There was a pause. And then my mother (who’s a therapist, by the way) told me, “I don’t know what you mean by responsibility.”  

I was floored. How could she not know? I had explained in every way I possibly could, over countless conversations, letters, and emails, what I needed from my brother in order to feel respected and heard instead of maligned and rejected for speaking up. I happen to have pretty good communication skills, which made my mother’s inability to comprehend my needs extra exasperating. It was a depressing moment as I realized it was probably pointless to keep trying.

Over time, my mother and other family members had repeatedly made my brother’s case to me. “He’s a good person,” our mother insisted. It always made me wince to get confirmation that her enormously high opinion of her only living son was not dampened by the deep hurt his behavior caused me. Over the years since I revealed the abuse, she had relayed his assertions that he was getting help, that he was deeply regretful about what he’d done, and of course he cared about the pain he had caused me, and how I was doing now. Nevermind that his actions toward me conveyed quite the opposite.

Then one day, my therapist’s words pulled me back into the right-side-up world with a few words. I had just finished tearfully describing my mother’s defense of my brother in which she argued that he was adequately addressing his part in my abuse. My therapist, Susan sat up in straighter in her upholstered chair and opened her eyes wide. “Aren’t YOU the only person who can decide that?” she asked, sounding incredulous.

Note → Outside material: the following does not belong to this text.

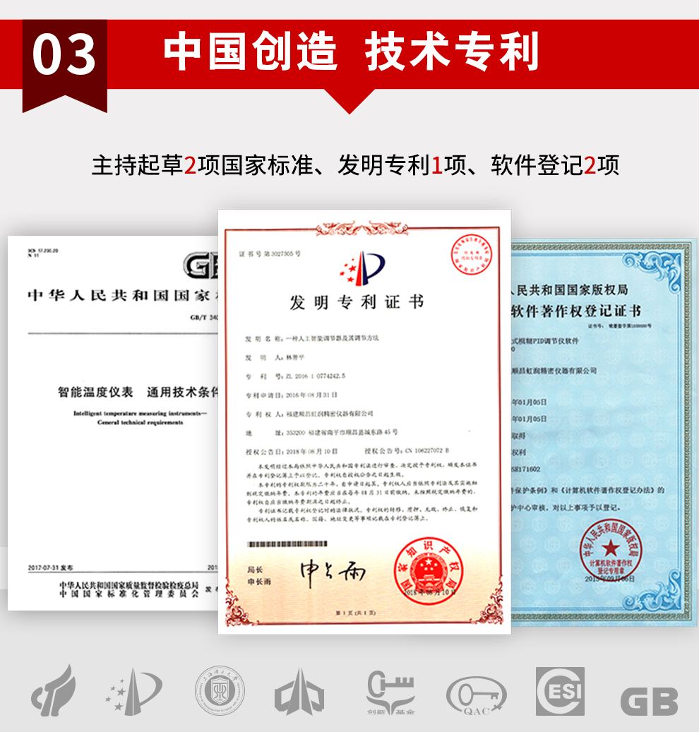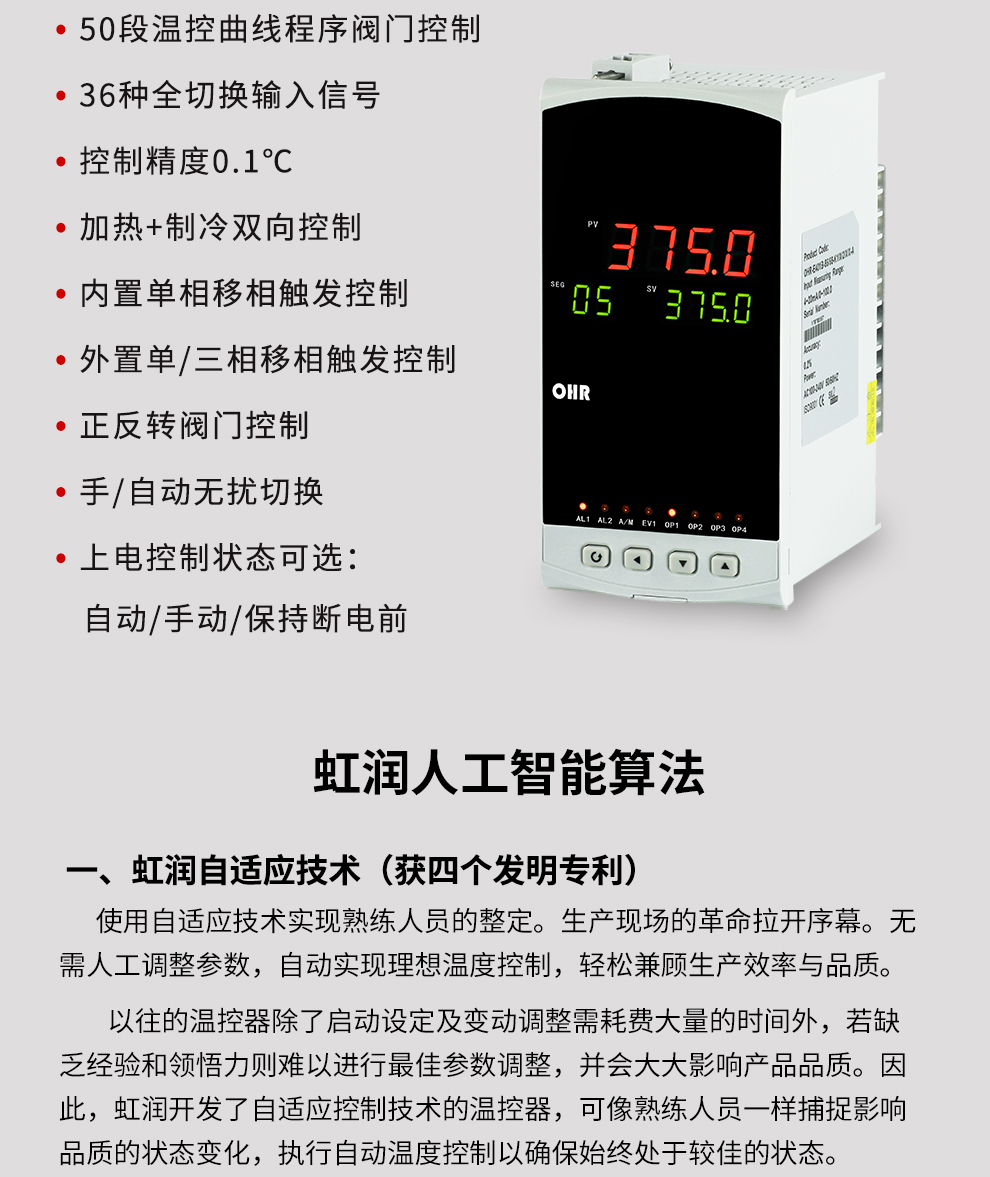 虹潤公司是專業(yè)生產(chǎn)溫控器的國家專精特新“小巨人”企業(yè)。生產(chǎn)的程序閥門溫控器,具有50段溫控程序控制,真正人工智能算式,無需人工整定參數(shù),控制精度可達(dá)±0.1°C,加熱制冷雙向控制等特點(diǎn)。產(chǎn)品獲得模糊PID控制儀及控制方法、人工智能調(diào)節(jié)器、智能化控制器、移相觸發(fā)控制器、閥門自動(dòng)手動(dòng)無擾動(dòng)操作控制方法及裝置等5項(xiàng)國家發(fā)明專利,主持起草智能溫度儀表通用技術(shù)條件、工業(yè)過程控制系統(tǒng)用模擬輸入兩位或多位輸出儀表、工業(yè)過程測量和控制系統(tǒng)用智能調(diào)節(jié)器等3項(xiàng)國家標(biāo)準(zhǔn),,以及通信系統(tǒng)多通道數(shù)據(jù)采集控制終端規(guī)范軍用標(biāo)準(zhǔn),參與國際5G標(biāo)準(zhǔn)制定,取得增強(qiáng)型分段調(diào)節(jié)器等3項(xiàng)相關(guān)軟件著作權(quán)。產(chǎn)品廣泛應(yīng)用于電力、石化,冶金、制藥、食品等幾乎所有工業(yè)現(xiàn)場,實(shí)現(xiàn)精準(zhǔn)控溫,保障生產(chǎn)安全與質(zhì)量。

Readers, I was honestly stunned. Her point was so logical, so obvious. Why had I never thought of it that way? I was getting a reminder of how I’d been affected by all that exposure to my family’s upside-down thinking. It took Susan to set me straight.

I was so used to people telling me to be more forgiving and less vocal about my feelings, that I was too angry or focused on the past. But ever since that day, I recall Susan’s words whenever I need a reality check about my family members’ attitudes versus the truth about what I know I deserve.

I deserve to be the authority on what I need, period. You do too. Don’t forget it.